Ketua PWI Kepri: Informasi di Medsos Jadi Tantangan Media Online

tantangan media online
Ketua PWI Kepri Candra Ibrahim dalam FGD pencegahan hoaks Pemilu 2024 bersama Polda Kepri. Foto: Gokepri.com/Muhammad Ravi

Batam (gokepri.com) – Ketua Persatuan Wartawan Indonesia (PWI) Provinsi Kepri Candra Ibrahim menyebut media online seperti menggali kuburannya sendiri di tengah tantangan arus informasi di media sosial.

“Kita ini seperti mulai menggali kuburan bagi diri kita sendiri. Kapan media konvensional mulai menggali kuburannya sendiri, ketika melakukan dan memberitakan yang sudah dibilang di media sosial tanpa pengayaan,” kata Candra dalam FGD bersama Polda Kepri, di Batam, Rabu, 11 Oktober 2023.

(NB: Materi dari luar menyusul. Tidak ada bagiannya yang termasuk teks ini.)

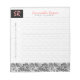 Monogramed elegant black floral lace over white damasks, customizable notepad template. Suggested pink colour font.
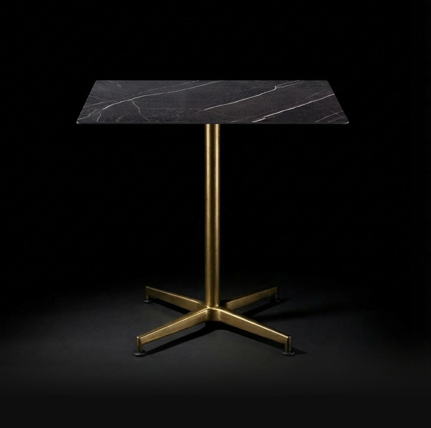 The Vision table pairs the Vision base in glossy black-gold finish with a square HPL Marmo Africa top, black with elegant white veining. The HPL top ensures durability, easy maintenance, and versatility.
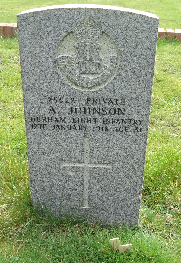 | JOHNSON | ALBERT | A | 31 | 12/01/18 | Private | Durham Light Infantry | D3115 |
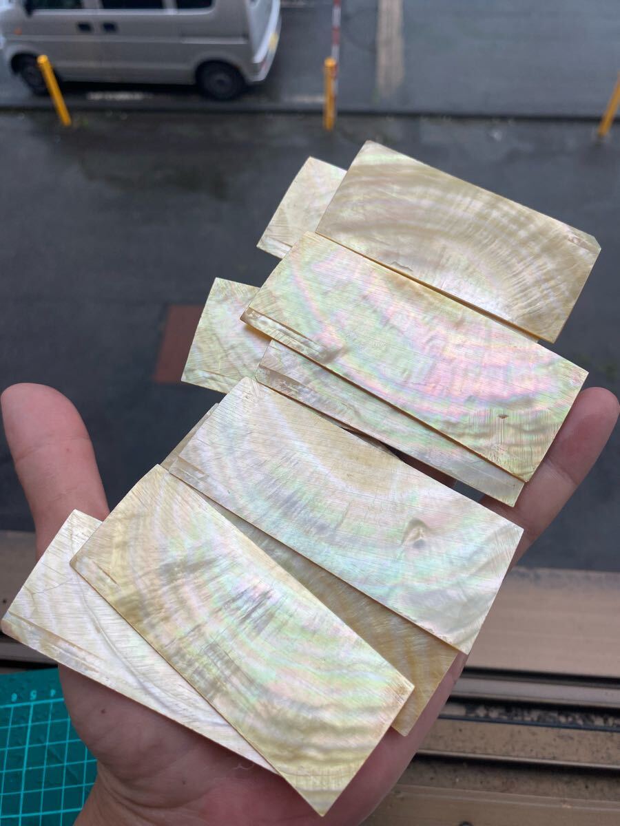 * 活かし貝殻を小さなパーツに切り分け、磨いて平らに仕上げてます
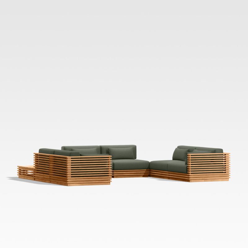 • View Batten Natural Teak 8-Piece U-Shaped Outdoor Sectional Sofa with Corner Coffee Tables & Cast Sage Green Sunbrella ® Cushions - image 1 of 14

Candra mengatakan 10 tahun lalu, media online ketika lahir menjadi tantangan bagi media konvensional seperti koran dan majalah, namun hari ini, media online telah bertransformasi menjadi media konvensional dengan tantangan yang baru pula.

HBRL

Baca Juga: Polda Kepri dan PWI Kepri Gelar FGD, Cegah Penyebaran Hoaks Pemilu 2024

“Media konvensional mendapat tantangan dari media online yang lahir 10 tahun yang lalu, tetapi media online sudah mendapat tantangan baru sebagai media konvensional dari segala macam informasi dari sosial media. Yang tadinya media online modern menjadi konvensional hari ini dia sudah di belakang menghadapi tantangan dari media sosial,” kata Candra.

Candra menjelaskan media sosial harus menjadi alat untuk dimanfaatkan oleh media online sebagai platform penyebarluasan informasi yang faktual.

Candra menyayangkan masih ada media konvensional yang terbawa arus dan dimanfaatkan oleh media sosial.

“Untuk menambah pembaca seperti itu maka media sosial yang kita manfaatkan, jangan kebalik,” ucapnya.

Menurutnya keliru apabila media online sebagai media konvensional memberitakan informasi dari media sosial yang belum jelas kebenarannya hanya karena informasi tersebut viral.

“Karena yang namanya berita pastilah dilakukan melalui proses pengayaan, yang menyebar hari ini di kita sekarang, media konvensional dikelilingi oleh belantara media sosial yang tidak tahu tanggungjawabnya, tidak tahu kemana kita harus meminta tanggungjawab,” kata Candra.

Menurut dia apa yang sedang viral di media sosial bisa melakukan pengayaan atau upaya-upaya menambah informasi.

“Seperti pendapat narasumber dan data-data,” lanjutnya

Pihaknya juga mengapresiasi wartawan-wartawan yang tergabung dalam PWI Kepri yang sudah mengikuti UKW dan media-media yang telah terverifikasi faktual oleh Dewan Pers.

Candra berharap dengan hal itu, ke depan tidak ada lagi media-media yang menyebarkan berita bohong dan mampu menjadi pelopor untuk menekan informasi hoaks.